# large pupils



## 12sndsgood (Mar 7, 2012)

Okay. so editing some pics of Casey that I shot saturday, noticing she has very large pupils. im guessing it was due to the room being darker, i usually close the blinds and curtain and keep the lights off so that the light doesnt fight with my flashes it was still daytime so its not like it was super dark, am i making to bid a deal out of closing the curtains and such. is there a way around this. could it be just her because when i shot danielle and her son the week before it wasn't nearly as noticable as it was on casey.




think im just noticing them because her eyes are so light colored they just stand out allot more. 

still would be interested to see what sort of other light or lack of light you guys have going on when your in a studio type setup.


----------



## fokker (Mar 7, 2012)

Never tried it but I've read that you can shine a flashlight at the face of your model before each shot to shrink the pupils down some. Probably easier to just have some lights on though.
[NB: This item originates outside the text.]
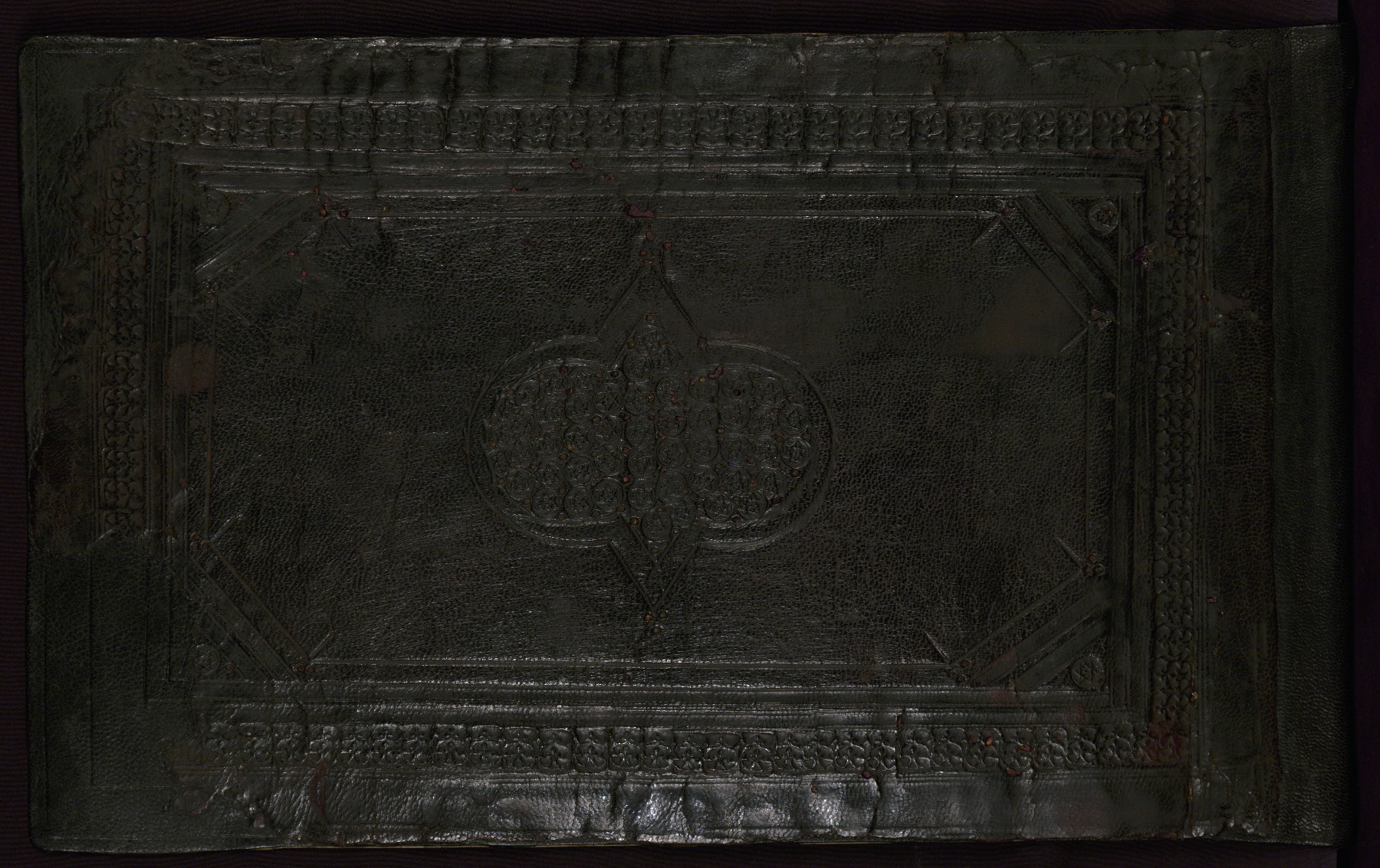 Probably fifth century AH / eleventh CE; blind-tooled black goatskin (without flap); central medallion defined by two round lobes and two triangular projections; overall application of a small tool with a six-pointed star; identical tool applied to cornerpieces; inner frame defined by a tooled decoration of stylized leaves; central form in which multiple small circles enclose the six-pointed star; cornerpieces; outer frame

It does look weird having ultra large pupils, makes people look like they're on drugs.


----------



## Bossy (Mar 7, 2012)

I'm sorry, whats the question? Dark room, large pupils, light room, small pupils. If you are using flash why not just have some lights on in the room? ​


----------



## 12sndsgood (Mar 7, 2012)

yeah i was flipping back to her picture, then a few others and it seems just her eyes are such a light blue, almost grey that her pupils just stand out bigtime. i think when i photo her next time i might try the flashlight trick or try and get the light up better to get them smaller.


----------



## Bossy (Mar 7, 2012)

Try something. Go to your studio set up without the flash, with window open, closed, and lights on, and take a picture of each at your flash settings. Come back and report what the image looks like ​


----------



## 12sndsgood (Mar 7, 2012)

well i was worried about the light interfering with the flash. the only real light in the room is the ceiling light which was almost directly over where my model would stand. was just worried about the diffrence in light.  guess i could possibly gell all my flashes. but i figured turning the light off would be an easier solution. which it seemed to be until Casey came along.


----------



## 12sndsgood (Mar 7, 2012)

Bossy said:


> Try something. Go to your studio set up without the flash, with window open, closed, and lights on, and take a picture of each at your flash settings. Come back and report what the image looks like




i'll do that next time i get a chance.


----------



## Big Mike (Mar 8, 2012)

> well i was worried about the light interfering with the flash. the only real light in the room is the ceiling light which was almost directly over where my model would stand. was just worried about the diffrence in light.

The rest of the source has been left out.